- Starring: Ruth Goodman Professor Nick Barber Tom Quick
- Narrated by: Steven Noonan
- Country of origin: United Kingdom
- No. of series: 1
- No. of episodes: 4

Production
- Producers: Cassie Braben David Upshal
- Running time: 60 minutes
- Production company: Lion Television

Original release
- Network: BBC Two
- Release: 15 July – 12 August 2010

= Victorian Pharmacy =

Victorian Pharmacy is a historical documentary TV series in four parts, first shown on BBC Two in July 2010. It was made for the BBC by independent production company Lion Television. The series producer was Cassie Braben and the Executive Producer was David Upshal. It was filmed at Blists Hill Victorian Town in Shropshire. It is a historical documentary that looks at life in the 19th century and how people attempted to cure common ailments. Since some of the ingredients of Victorian remedies are now either illegal or known to be dangerous, Professor Nick Barber often used his modern pharmaceutical knowledge to produce similar products without those ingredients. The other main presenters were Tom Quick, a PhD student, and Ruth Goodman, a domestic historian who also appeared in Tales from the Green Valley, Victorian Farm and Edwardian Farm.

==Episodes==

===Episode 1===
First broadcast 15 July 2010 at 21:00. The first episode is set in 1837. It was made clear that the series would not be using opium, which was commonly used by pharmacists during the Victorian era. A world where traditional remedies, such as leeches, oil of earthworm and potions laced with cannabis and opium, held sway. After sampling some of the old ways, the team ventured into new discoveries, such as the Malvern water cure, the bronchial kettle for curing coughs, and the invention of Indian tonic water.

===Episode 2===
First broadcast 22 July 2010 at 21:00. The team took on the challenges of the 1850s and 1860s, a time when overcrowded and unsanitary living conditions had reached their peak, leading to unprecedented outbreaks of disease. 'Cure all' medicines which promised to cure virtually everything, were all the rage and the team made their own out of rhubarb, liquorice, soap and syrup. They also ventured into the uncertain world of electrotherapy and found out how the discovery of germs made disinfectants a bestseller.

===Episode 3===
First broadcast 5 August 2010 at 21:00. The pharmacy entered a period of new inventions and new laws. In 1868 pharmacies were regulated by law for the very first time - and Ruth, Tom and Nick faced a taste of the tough examinations pharmacists went through to become qualified.

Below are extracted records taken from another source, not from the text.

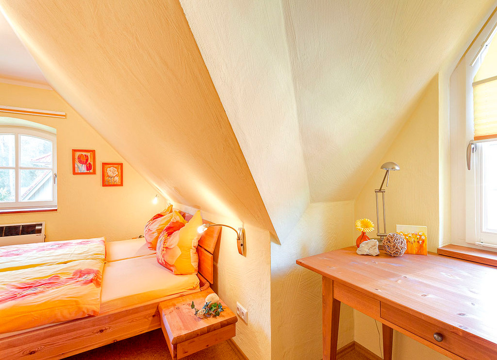 D 120.6 Ferienhaus 2-4 Pers.: Ansprechende 3-Zimmerhaushälfte mit 60 Wohnfläche über 2 Etagen. Parterre: Wohn-/Essraum mit Kaminofen, Couchgarnitur, Sat-TV, Radio-CD, Esstisch, moderner Einbauküche (Backofen, Spülmaschine). Bad/WC. 1. Etage: Doppelzimmer. 2-Bettzimmer.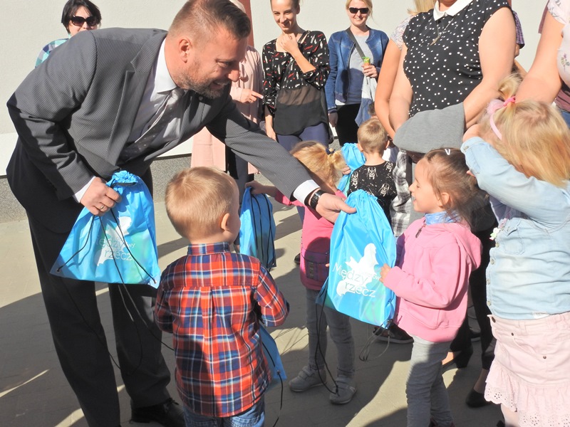 Tuż po oficjalnej części uroczystości burmistrz wręczył przedszkolakom plecaki wypełnione prezentami. Na zakończenie wszyscy mogli podziwiać występ dzieci uczęszczających do nowego przedszkola oraz występ zespołu Trans. Maluchy mogły wziąć również udział w specjalnie dla nich przygotowanych atrakcjach.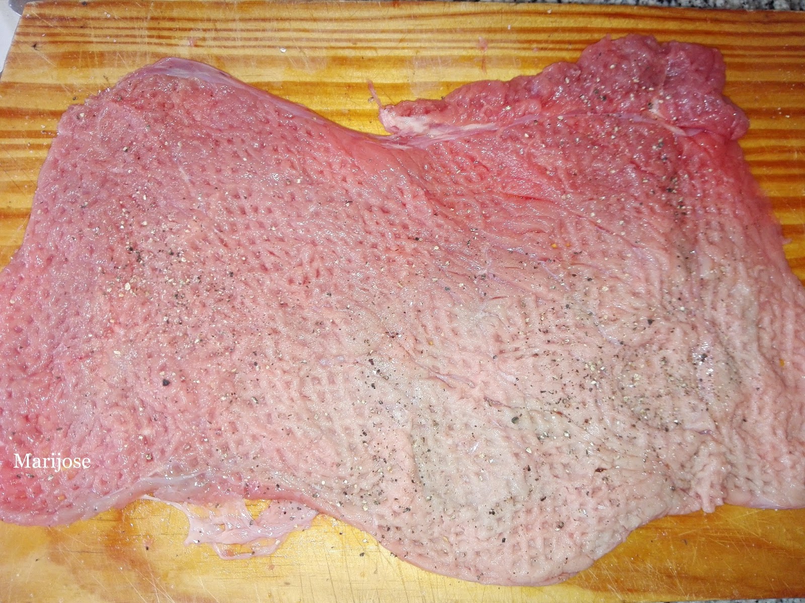 Aplastamos los filetes con el mazo y salpimentamos por las dos caras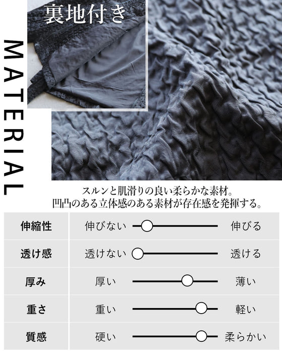 ■スルンと肌滑りの良い柔らかな素材。凹凸のある立体感のある素材が存在感を発揮する。

They also explored the world of poisons and hazards that were completely unregulated until this time - from arsenic and opium to explosives. But the lack of restrictions they had enjoyed enabled 'experimental chemists' to invent products ranging from matches to fireworks, to custard and jelly. The team learned the processes involved in each, and laid on a Victorian style firework display for their customers.

===Episode 4===
First broadcast 12 August 2010 at 21:00. The last programme in the series saw Ruth, Tom and Nick continue with Barber and Goodman's Pharmacy through to the end of the Victorian era.

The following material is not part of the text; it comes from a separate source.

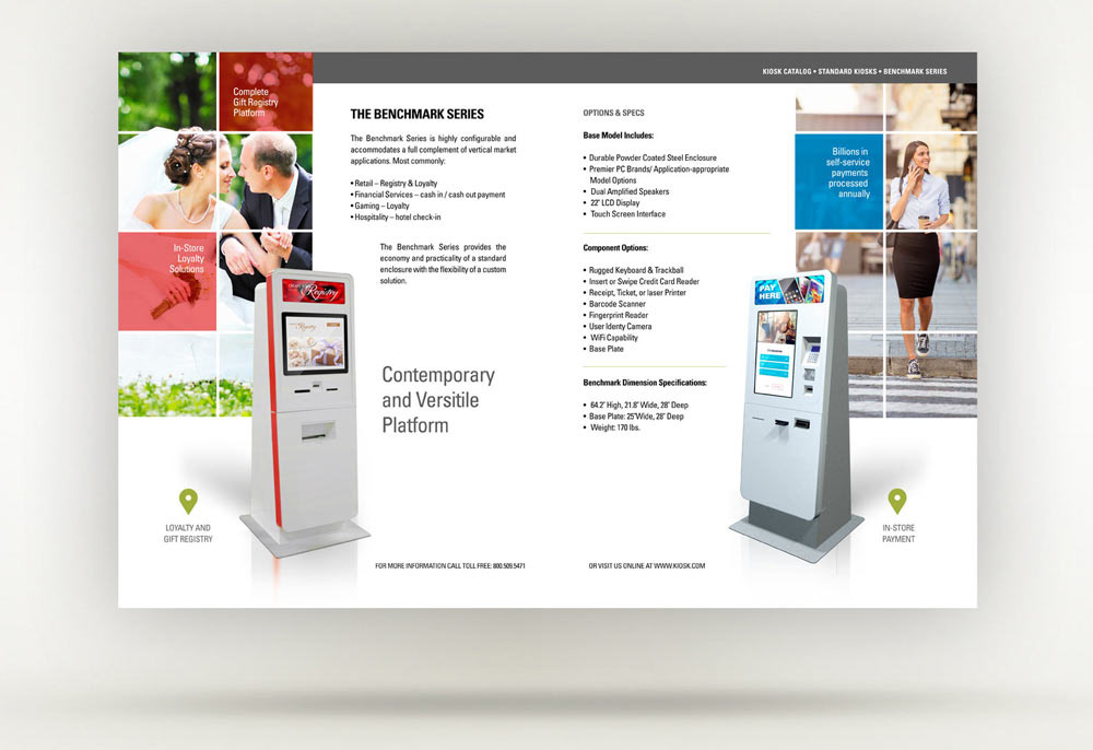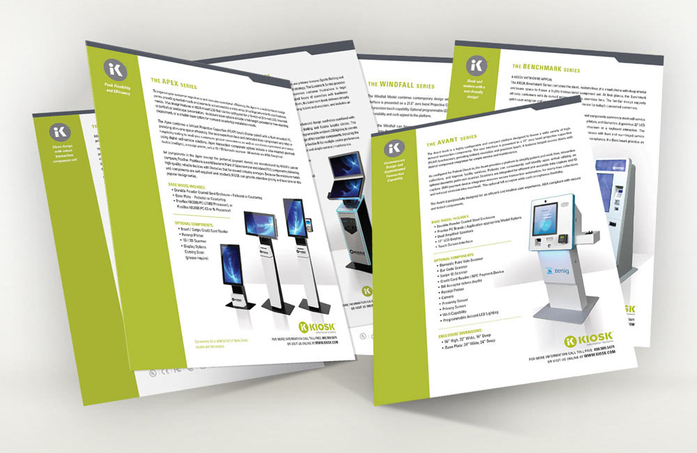 KIOSK Product Tear Sheets. Sales Support – Full-color, 1 and 2-sided, finished size 8.5"x11" (A4 International versions as well)

Tom branched out into photography and dentistry using the latest technology, such as the foot-pedal dental drill. Ruth made condoms out of sheep intestines. Nick produced salicylic acid (a precursor to aspirin) which was tested orally and as a cure for corns along the way. And for those customers who liked a little pampering, the team turned their hands to making their very own brand of perfume.

As they shut up shop for the last time, the team reflected on a revolution in public healthcare that put a chemist's shop in every town in the country.

In 2011, BBC2 repeated the series but split into 8 shorter, 30-minute episodes.